422 MARKUP_CONFIG_INVALID

{
  "code": "MARKUP_CONFIG_INVALID",
  "message": "The markup configuration failed validation.",
  "details": {
    "zodIssues": [
      { "path": ["hotel", "bps"], "message": "Expected integer, received string" }
    ]
  },
  "docsUrl": "https://docs.sendero.travel/docs/pricing/markup-error-codes#markup_config_invalid",
  "traceId": "trace_..."
}

SDK pattern

try {
  const result = await dispatch({ tool: '…', args: {…} });
  return result;
} catch (err) {
  // err.code is the stable contract. err.agentInstruction is canonical recovery copy.
  switch (err.code) {
    case 'POLICY_INACTIVE':
    case 'POLICY_PARTIAL_FOR_KIND':
    case 'TREASURY_NOT_PROVISIONED':
      return showAgentInstruction(err.agentInstruction); // surface verbatim
    case 'MARKUP_OVER_CEILING':
      return offerOverride(err.details);
    default:
      logError({ traceId: err.traceId, code: err.code });
      throw err;
  }
}

Adding a new error

1. Add (or extend) a builder cluster in apps/app/lib/api-errors.ts.
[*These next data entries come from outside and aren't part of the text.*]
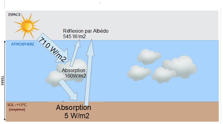 Après avoir atteint la Terre, le rayonnement solaire peut être renvoyé vers l’espace par le phénomène d’albédo (l'albédo est une grandeur physique sans unité caractérisant la capacité d'une surface solide, liquide ou gazeux à réfléchir tout rayonnement lui parvenant)ou être absorbé par l’atmosphère (qui correspond aux gaz comme la vapeur d'eau, le dioxygène et l'ozone présent dans l'atmosphère absorbant dans le doc 22,5% du rayonnement solaire.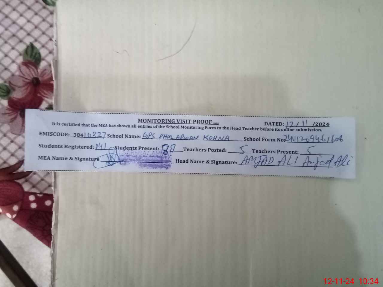 | EMIS Code: 38410327 | Name of School: GPS PHULARWAN KOHNA | |||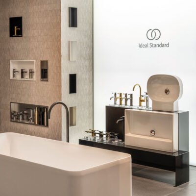 Uiteraard heeft Ideal Standard een mooie eigen plek in de showroom van Van Heugten. Schuin tegenover de trendbox van Villeroy & Boch, met fraaie doorkijkjes, aan de andere kant van de trap. Daar is over nagedacht. Uiteraard.

Don't open-code apiErrorResponse({ code: '...' }) in route files.
2. Pick a family prefix. Reuse an existing one when the failure mode lives in the same domain.
3. Write the agentInstruction in second person, ending with an action the human should take. Quote URLs.
4. Add a section to /docs/<family>/error-codes.mdx with the JSON envelope shape so SDK authors can copy-paste their handler.
5. Cross-link from the relevant concept page (/docs/<family>/<concept>.mdx).

The convention exists so a customer's first encounter with an error is not their first encounter with our recovery copy.